I learned something new in our recent Alfabet Portfolio Playbook webinar, “Playing it Safe with Open Source Software.”
I learned that, with “free and open-source software” (FOSS), “free” has nothing to do with cost. Obviously, I wasn’t the only one who didn’t know this, because my colleague felt it necessary to explain in the webinar.
“Free” pertains to “freedom” and is the tenet upon which open source software is based.
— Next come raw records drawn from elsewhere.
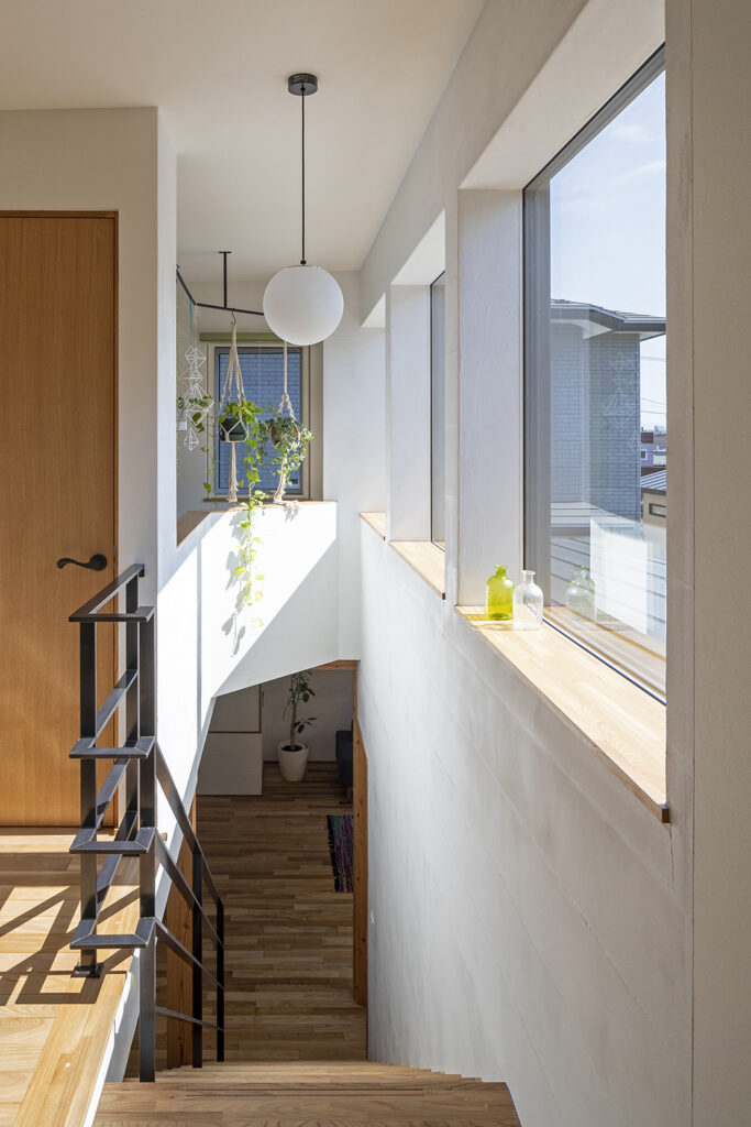 高窓から空を切り取る街中の家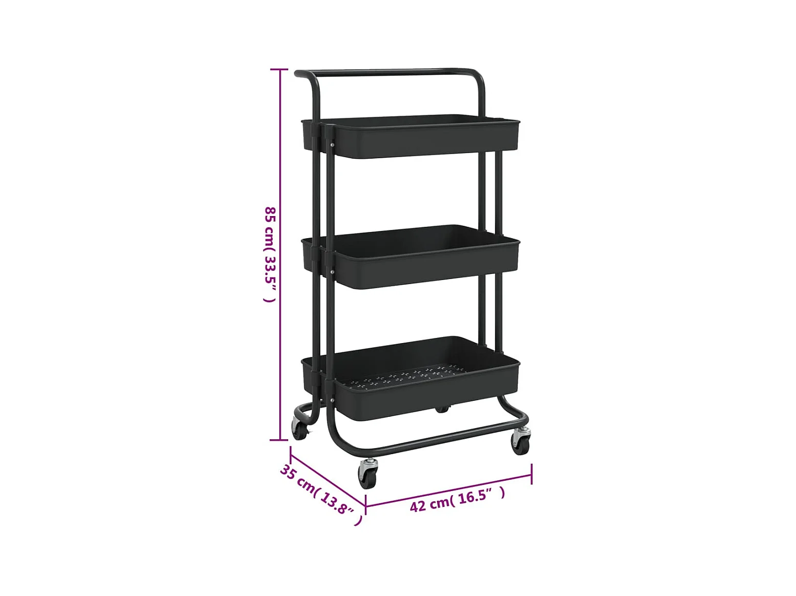 Keukentrolley 3-laags 42x35x85 cm ijzer en ABS zwart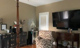 Be one of the first to stay in this newly available, private, cottage-like unit located on the main level in the rear of a beautiful restored Victorian home. Situated in the historic district of downtown, it’s a one block stroll to many shops, restaurants and attractions of Bardstown. Offering a private entrance off a covered patio, perfect for enjoying afternoon cocktails and morning coffee. It’s spacious, newly renovated, and very tastefully decorated. Everything you need. Perfect for couples!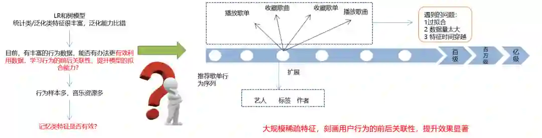 通过算法,我们需要将各种音乐指标抽象成标签。可是,虽然我们有足够多的音乐资源和行为样本,但是由于行为序列往往不是线性的,因此我们反而遇到了过拟合、以及特征时间穿梭(即特征记忆)方面的问题。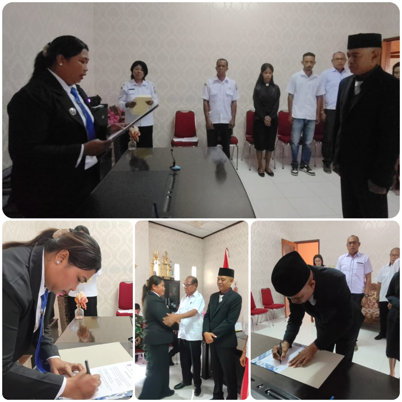 Pelantikan berlangsung dalam suasana sederhana namun penuh hikmat di ruang pimpinan Kecamatan Saparua, Rabu (8/4/2026).

The Free Software Foundation (FSF), founded in 1983 as a nonprofit “with a worldwide mission to promote computer user freedom,” describes these as the freedom to:
- Run the program as you wish, for any purpose
- Study how the program works, and change it so it does your computing as you wish
- Redistribute copies so you can help your neighbor
- Distribute copies of your modified versions to others
So “free” doesn’t mean no-cost, although there really are no license costs – one of the big benefits of FOSS. Yet, there can well be costs if an organization isn’t careful in its use of FOSS. Wide use and poor governance of free software throughout an organization can carry risk, like these:
- Legal risk: Copyright issues, patent claims, commercial distribution limitations.
- Security risk: Due to widespread knowledge of source code.
- Low standardization: Different departments might use different software to accomplish similar goals.
That FOSS carries legal risk with it was also new to me. There are many and varied licensing conditions associated with free software and you need to understand the implications of these when deploying and managing the software or you could be putting the organization at risk.
So usage of free software needs to be planned and managed just like any other software - also for the purpose of standardization to avoid the cost of inefficiency. Enterprise architecture management aims to streamline the IT landscape for agility and cost-efficiency. This needs to be done for non-licensed as well as licensed software.
The webinar advocates applying technology portfolio management techniques to FOSS to:
- Document license types, terms and conditions; organizational usage guidelines and component threats
- Evaluate planned and current usage
- Approve usage in application and project architectures through an appointed authority such as an open source review board
Then you can enjoy the freedom from risk. But freedom does have its price – mostly effort – like most good things in life.